# calgary/carpentry work



## jdiz (Sep 14, 2010)

hi All,

i am looking for some information about calgary as a place to live & work.....my boyfriend & i are looking to move in March 2012 from dublin, we have a 1 year IEC visa & are applying for the second one in jan so hope to have 2 years visa's to use before we go.... for some reason i am liking the sound of calgary in terms of work & life & climate..... even though i understand the winters are very very harsh. 

i would love to hear from anyone who has made this move, did it take long to get work, what are the wages like.... what is life like there? woul you recommend it. is it hard to find work on an IEC visa? We are hoping to stay away from typical working holiday jobs but at the same time will be flexible if we have to! ....this might be a more permanent move if we can do that so would appreciate any advice/information at all. 

thanks !


----------



## Ilz (Dec 2, 2011)

Hi there; 

Sounds like you're in the same position as my partner and I.. We just received our IEC approved and are looking to travel for a couple of months then hopefully get to Canada in June-July 2012. We are from Australia and were initially planning on Vancouver but after some research and friendly advice it seems it's a little too expensive.. So we've decided to look into Calgary.. And yes we too have heard it's prettttty cold! But one of the reasons we want Canada is the climate. As with you guys we are open to doing any job but would prefer something in our fields or related.
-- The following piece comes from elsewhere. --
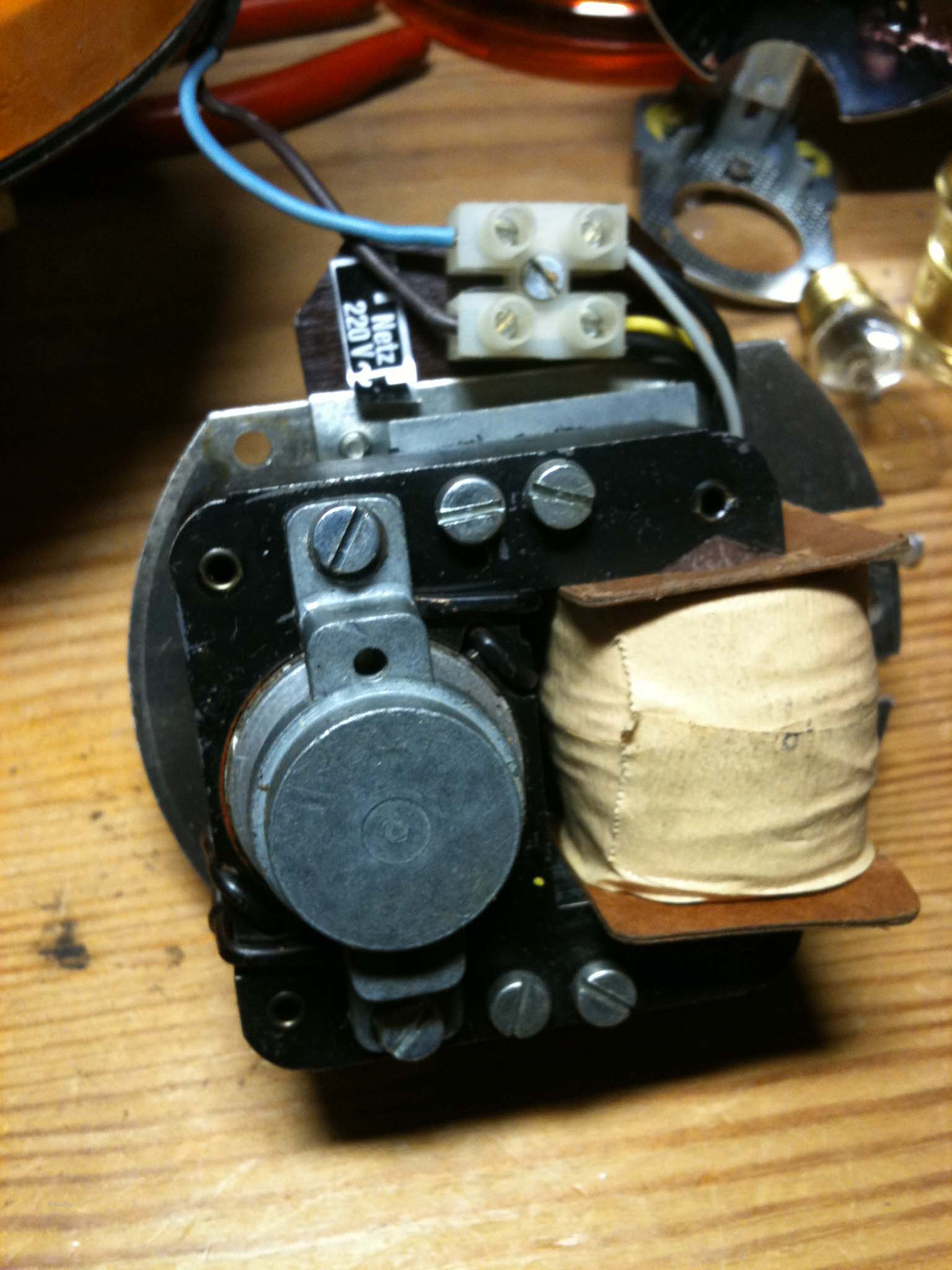 Streiflicht hat mich gerade eben unbewusst auf ein lange bei mir schlummerndes Problem gebracht: Meine Eisemann RWL 90 mit Blechspiegel dreht sich nicht, der Motor läuft aber. Grund: das Ritzel kommt gar nicht ans Zahnrad! Wieso auch immer, die Leuchte ist/ war unbenutzt. Wie kriege ich das Ritzel näher ran? Kennt jemand den Motor? (wieder nur Handyfotos)
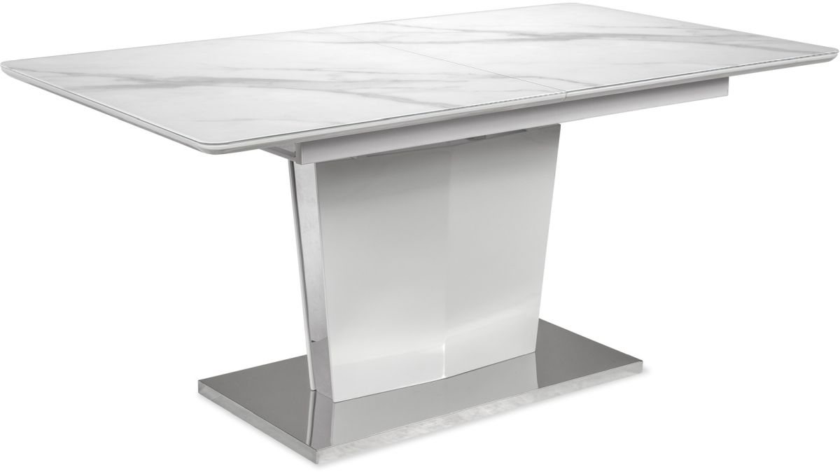Bright white and polished metal gives table an architectural feel and brings light to the dining area

I am a social worker and have applied for my degree to be recognized by the Canadian body of social work so I can attach that to my resume. My partner is a plumber and is currently doing an extra course so hopefully that helps. He is open to any labouring job. 

Have you had any luck with some advice?

Cheers 
Ilz


----------



## jdiz (Sep 14, 2010)

i havent had any advice yet but found some pages on facebook - irish in calgary & that sort of thing so going to try there too!!


----------